Double Deuce
Saturday, November 11, 2017
Double Deuce (1992) Robert B Parker
Since I disliked the narrator so much when he read the last book, I’m switching to reading the ebooks until … Well, it would be Chance, but the library doesn’t have it, so it looks like it’ll be Small Vices, the first Spenser book I came across, and one of my favorites. (I don’t believe I want to spend my audible credit on Chance.)
But we’re talking about Double Deuce here. Hawk is asked to stop gang murders in a housing project, so he asks Spenser for help.
“I might need some support,” Hawk said.
“You might?”
“Yeah. Pay’s lousy.”
“How much?” I said.
“I’m getting nothing.”
“I’ll take half,” I said.
“You ain’t worth half,” Hawk said. “Besides I got the job and already put in a lot of time on it. Give you a third.”
“Cheap bastard,” I said.
“Take it or leave it,” Hawk said.
“Okay,” I said, “you got me over a barrel. I’m in for a third.”
Be aware the story opens with the murder.
Her name was Devona Jefferson. She was going to be fifteen years old on April 23, and she had a daughter, three months and ten days old, whom she had named Crystal.
It seems to me like that bit there tells you so very much.
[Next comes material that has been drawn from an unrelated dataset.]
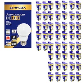 90 - LÂMPADAS LED BULBO 15W 6500KA linha de lâmpadas LED HILUX é indicada para retrofit de lâmpadas incandescentes ou fluorescentes, em diversos tipos de aplicações para ambientes internos.PROPRIEDADES¿ Lâmpadas certificadas pelo INMETRO.¿ Formato similar às lâmpadas incandescentes tradicionais.¿ Corpo em policarbonato branco e difusor em policarbonato branco leitoso.¿ Possui driver interno isolado.CARACTERÍSTICAS DE FUNCIONAMENTO¿ Temperatura ambiente: -5°C a 40°C.¿ Tensão de entrada: 100V a 240V.ESPECIFICAÇÕES TÉCNICAS¿ Base : E27¿ Tensão : Bivolt Automático 100V - 240V¿ Ângulo de abertura : 180 graus¿ Potência : 15W¿ Fluxo Luminoso : 1350 Lumens¿ Temperatura de cor : 6500K¿ Emissão de cor : Branca¿ Equivalência : Incandescente 75w / Fluorescente 20W¿ Dimensões : 108mm x 60mm

It’s horrible.
The good part of this story, however, is the dialog between Spenser and Hawk, which I always love.
“How come in books and movies the ghetto is always teeming with life: dogs barking, children crying, women shouting, radios playing, that sort of thing? And I come to a real ghetto, with two actual black people, and I can hear my hair growing?”
“Things are not always what they seem,” Hawk said.
Oh, Susan also asks Spenser to move in with her. That works pretty much as expected.
She cut the tops off the broccoli and threw the stalks away. Then she separated the flowerets and piled them up on her cutting board. I sat on a stool opposite her and watched.
“You could peel those stalks and freeze them,” I said. “Be great for making a nice soup when you felt like it.”
Susan looked at me as if I had begun speaking in tongues. “In my entire life,” Susan said, “I have never, ever felt like making a nice soup.”
Weirdly, that’s one of the passages that has always stuck in my mind.
Despite the horror of a girl and her baby being murdered, and the romantic difficulties of our intrepid heroes, I do like this book.
I couldn’t think of an answer to that, so I kept quiet. I have rarely regretted keeping quiet. I promised myself to work on it.